Below, some lines carry pictures; leave those pictures out and retype exactly the lines from the one with "Nadine Delphine Jewelry" through the one with "Recamara principal con".

§ **Data records**:
------------------------

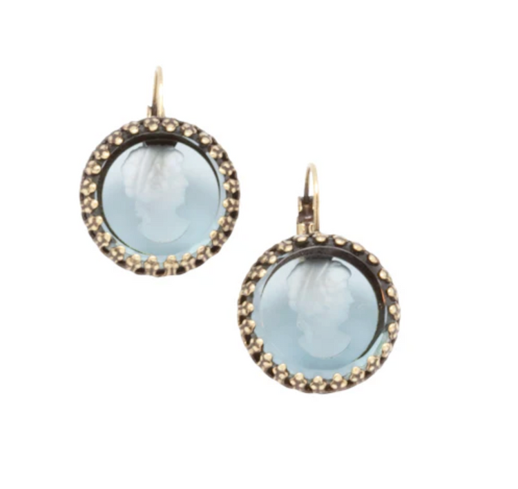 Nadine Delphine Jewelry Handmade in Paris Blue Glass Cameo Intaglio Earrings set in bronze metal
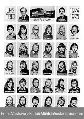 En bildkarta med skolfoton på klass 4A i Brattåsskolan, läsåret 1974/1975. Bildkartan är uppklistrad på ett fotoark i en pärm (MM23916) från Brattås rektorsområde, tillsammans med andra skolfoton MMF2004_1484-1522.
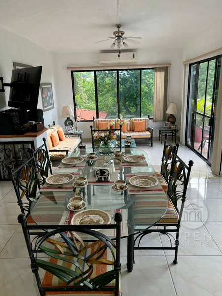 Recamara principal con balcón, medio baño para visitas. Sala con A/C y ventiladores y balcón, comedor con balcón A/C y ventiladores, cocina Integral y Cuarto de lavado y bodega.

------------------------

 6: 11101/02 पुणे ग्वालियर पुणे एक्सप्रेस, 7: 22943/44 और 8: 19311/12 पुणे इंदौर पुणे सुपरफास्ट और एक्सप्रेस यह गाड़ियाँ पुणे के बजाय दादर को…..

------------------------

§ **Answer for this exercise**:
 Nadine Delphine Jewelry Handmade in Paris Blue Glass Cameo Intaglio Earrings set in bronze metal
 En bildkarta med skolfoton på klass 4A i Brattåsskolan, läsåret 1974/1975. Bildkartan är uppklistrad på ett fotoark i en pärm (MM23916) från Brattås rektorsområde, tillsammans med andra skolfoton MMF2004_1484-1522.
 Recamara principal con balcón, medio baño para visitas. Sala con A/C y ventiladores y balcón, comedor con balcón A/C y ventiladores, cocina Integral y Cuarto de lavado y bodega.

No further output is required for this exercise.